Rendre pornographique Game of Thrones : un projet condamné à l’échec ? Les créateurs de South Park faisaient déjà en 2014 de George R.R. Martin un pornographe, en insistant sur son obsession pour les pénis turgescents. Comme s’il s’affublait de la casquette d’un créateur œuvrant pour Playboy, Martin déclarait alors au cours du ComicCon: « On m’a dit que mon personnage dans South Park est obsédé par les bites. Je démens cette rumeur calomnieuse. Les bites c’est très bien, mais je ne suis pas obsédé par ça. Je préfère les nichons;”

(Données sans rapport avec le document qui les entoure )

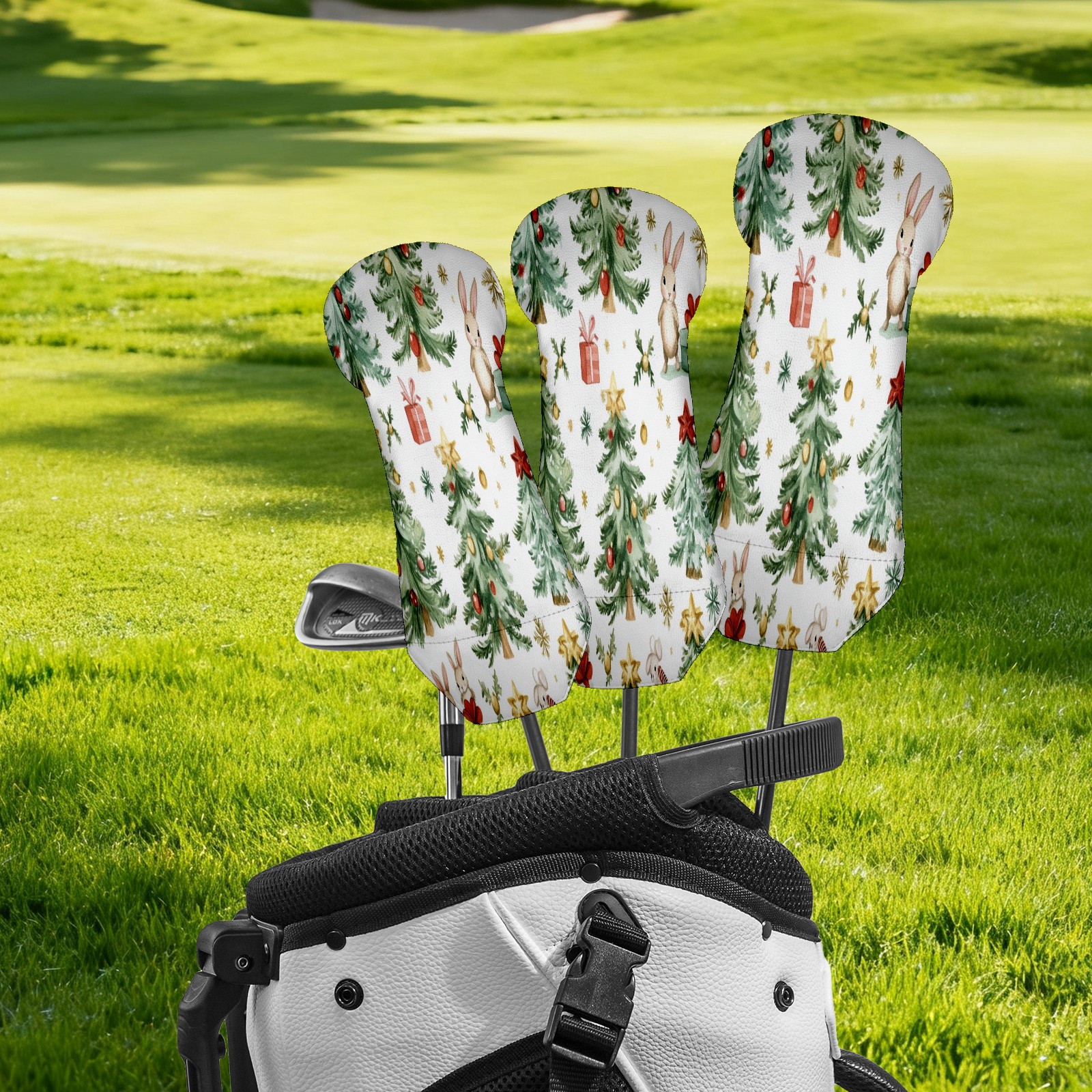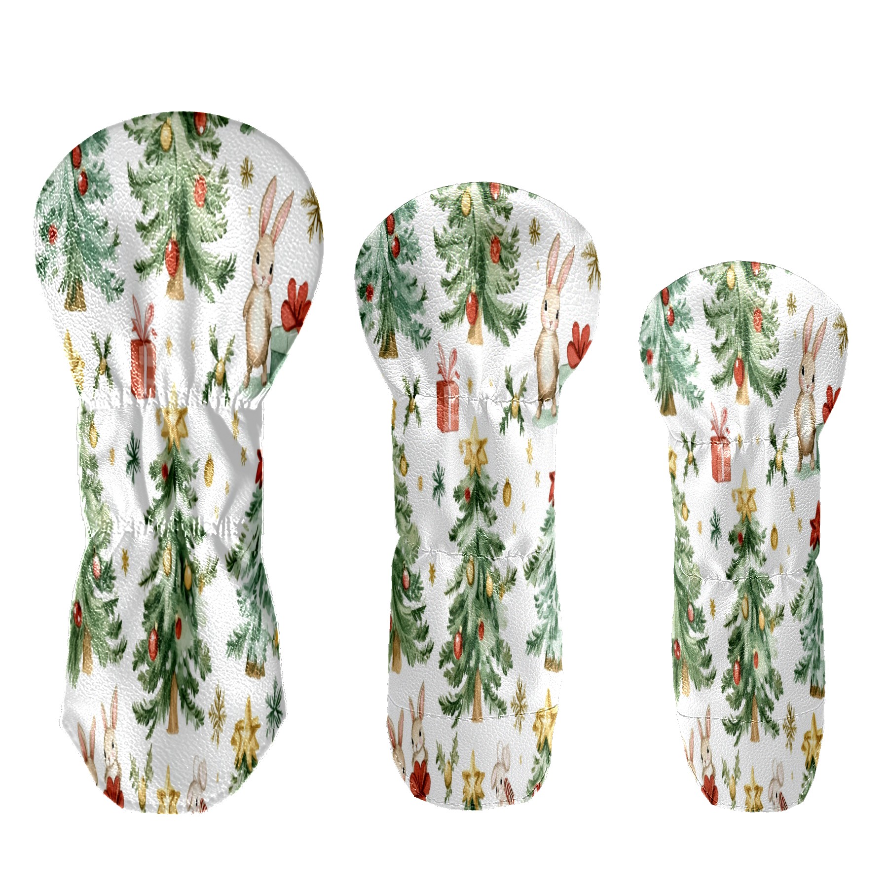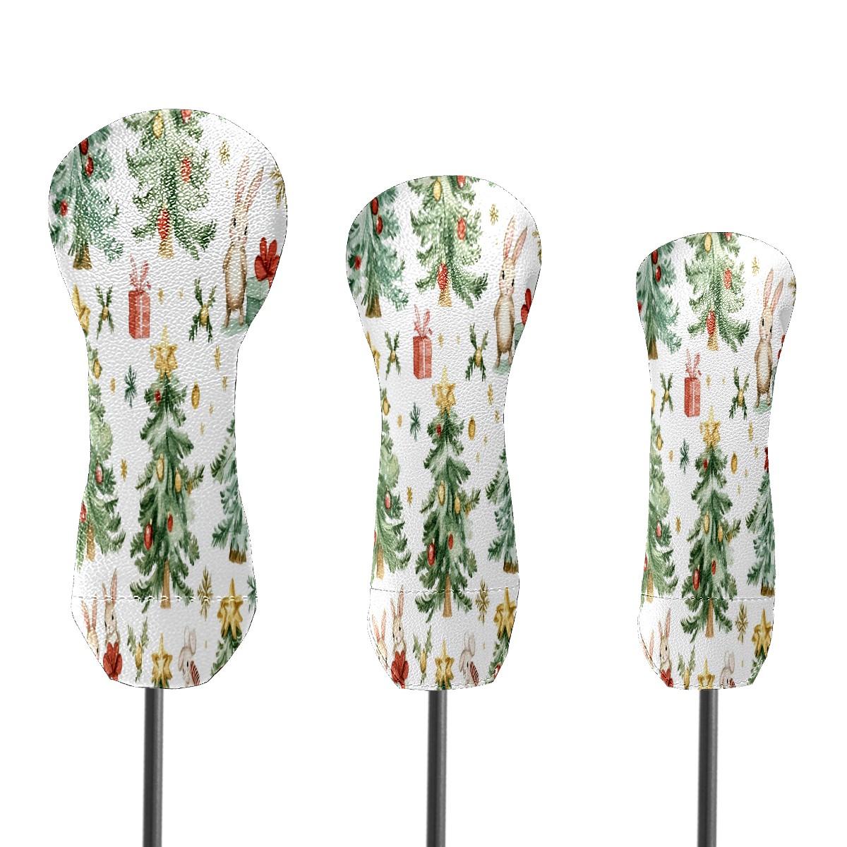 Golf Club Head Covers for Driver Hybrid and Fairway Woods, Waterproof Leather Headcovers for Golf Clubs, Ideal Golf Accessories Gift for Men Women (Watercolor Christmas Trees)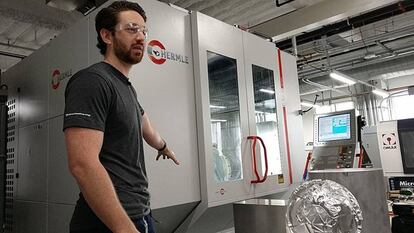 Burns, encargado de ir activando diferentes máquinas de impresión en tres dimensiones o fresadoras de última generación capaces de generar metales ligeros y resistente con formas complejas, cree que este método de trabajo les permite innovar con mayor rapidez. “Al estar todos juntos, charlamos, hablamos, comentamos y compartimos qué ha ido bien y qué no. Es un entorno tranquilo pero también especializado. Nunca había tenido acceso a tanto material”, presume.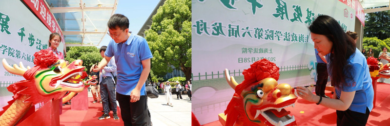 校党委书记葛卫华,党委副书记、校长刘晓红等学校党政领导班子出席开幕式并为比赛划船开道,各职能部门、二级学院党政领导和师生代表参加开幕式并现场观赛。葛卫华、刘晓红共同为龙舟点睛,饱含着祝福祖国、祝福上政的美好期盼。
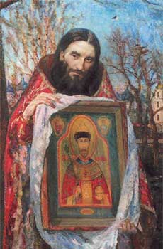 | Незадолго до кончины батюшки (иеромонах Владимир с сыном Арсением) | Портрет отца Владимира работы р.Б. Леонида | |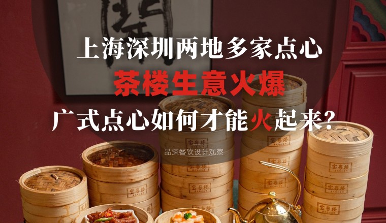 廣式點心茶樓的產品差異化很小,新品牌要突破,應該著重打造品牌定位差異化。品牌差異化直觀體現在品牌的核心文化,形象差異,門店的裝飾設計。比如品深餐飲全案策劃設計的寶粵樓,從老廣味道這一定位入手,讓上海人一眼就感知出很鮮明的廣式文化,整體格調偏市井氣,與點都德、蘩樓的嶺南園林風格截然不同;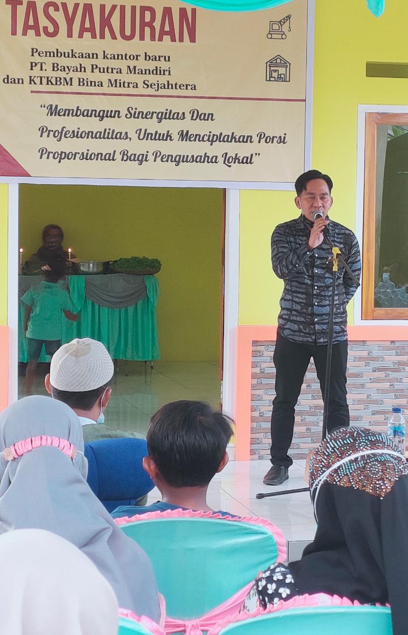 SIBERINDO.CO – PT Bayah Putra Mandiri (BPM) dan Koperasi Tenaga Kerja Bongkar Muat (KTKBM) Bina Mitra Sejahtera menggelar tasyakuran kantor baru yang berada di Kampung Bayah Tugu, Desa Bayah Barat, Kecamatan Bayah, Kabupaten Lebak, acara tersebut juga sekaligus melakukan santunan kepada anak yatim, Jum’at(12/3).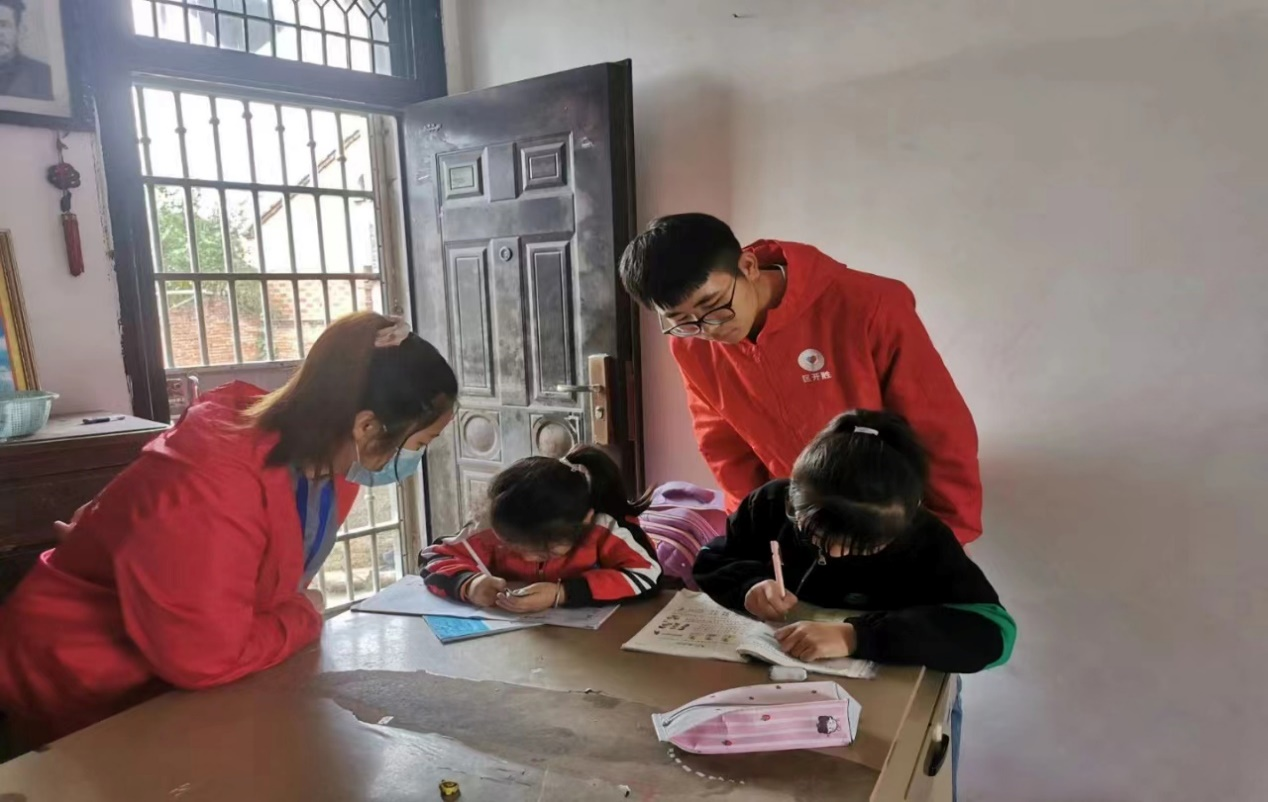 “五福临门”志愿者团队赴五星社区开展课业辅导活动。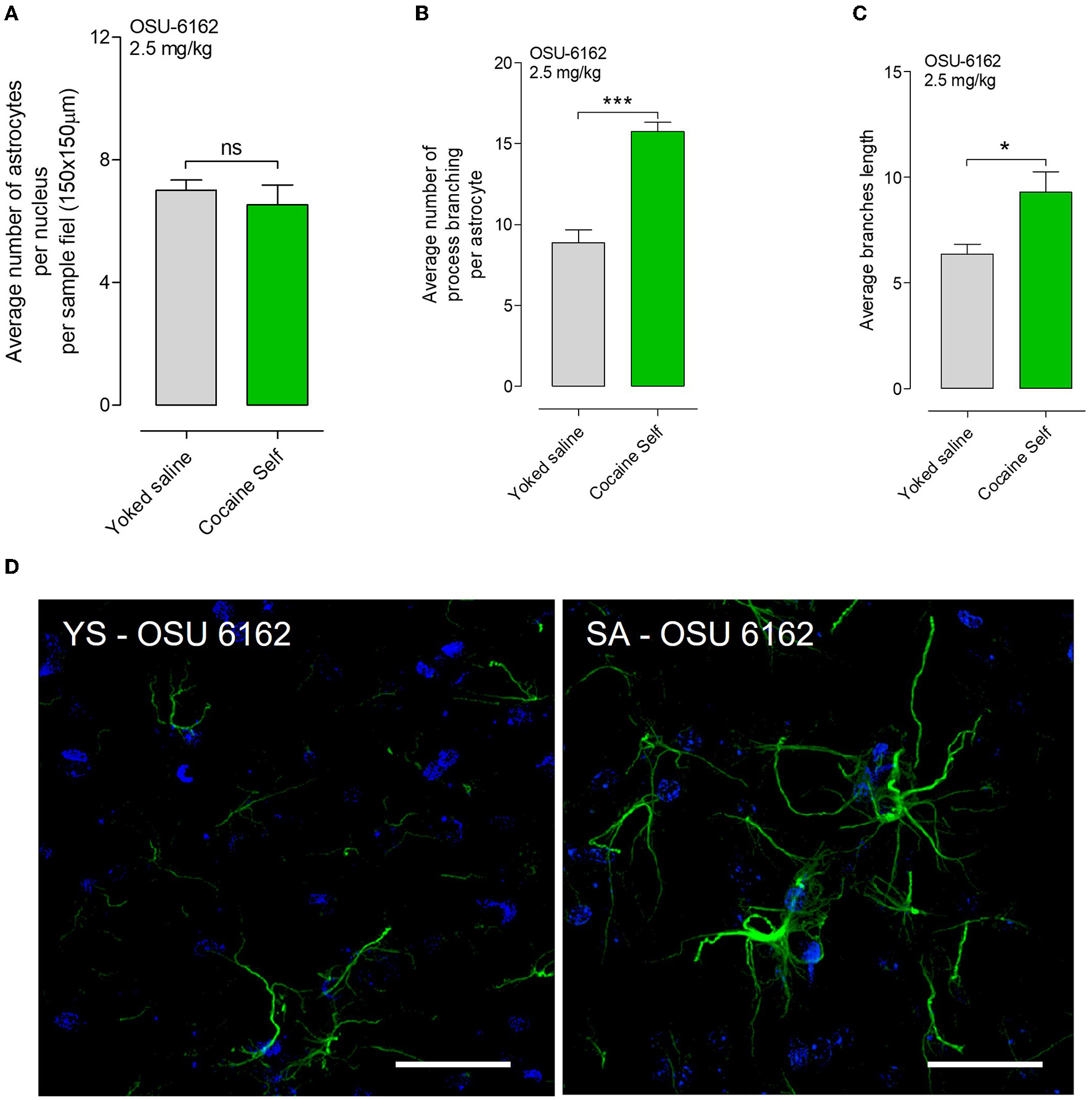 (A) OSU-6162 with low dose (OSU 2.5 mg/kg) treatment produced a non-significant (ns) change in the density of astrocytes per nucleus per sample field (p > 0.05, Mann–Whitney U-test, means ± SEM, n = 8 rats) in the nucleus accumbens shell, visualized in green with GFAP immunoreactivity after cocaine self-administration vs. yoked saline controls. (B) However, OSU-6162 treatment caused a highly significant and substantial increase in the number of GFAP-positive branches per astrocyte (***p < 0.001, Mann–Whitney U-test, means ± SEM, n = 8 rats) in the nucleus accumbens shell of cocaine-self administration rats vs. yoked saline controls. (C) Moreover, significant changes in the average branch length were observed (*p < 0.01, Mann–Whitney U-test, means ± SEM, n = 8 rats). (D) Representative GFAP images of the GFAP-positive astrocytes with their process branching are presented in cocaine self-administration or yoked procedure after OUS-6162 low-dose treatment (OSU 2.5 mg/kg). There is a clear-cut increase visualized in the GFAP branching of the astrocytes after OSU6162 treatment in cocaine self-administration compared to its treatment in yoked saline rats.

Nombreux sont les blogs chrétiens, tels le Think Catholic de Janelle Sanchez, à critiquer la série en raison de la banalisation du sexe explicite qu’elle semblerait proposer. A travers son billet explicite (« Game of Thrones is porn« ) Sanchez nous affirme ainsi que « être un chrétien et regarder Game of Thrones est un péché« , que cette série, insultante à l’égard des femmes, serait l’incarnation du Mal et nous éloignerait d’un « monde plein d’espoir« , c’est-à-dire du « monde réel« .
Une rhétorique boiteuse puisque se concluant sur un extrême, à savoir une citation du tueur en série Ted Bundy: « Si vous souhaitez que les gens ne deviennent pas comme moi, ne brûlez pas L’Attrape-Cœurs de JD Salinger, brûlez Hustler ». Un renvoi direct au combat de Larry Flynt (créateur en 1972 de la revue cochonne Hustler), s’opposant aux nombreuses ligues de vertu américaines avant de finalement intenter un procès à Jesse Helms, l’un des grands noms de la droite chrétienne ultraconservatrice. Si Flynt se battait pour la liberté d’expression – le droit à la caricature – de quelle nécessité sociale la série HBO serait-elle alors le nom ?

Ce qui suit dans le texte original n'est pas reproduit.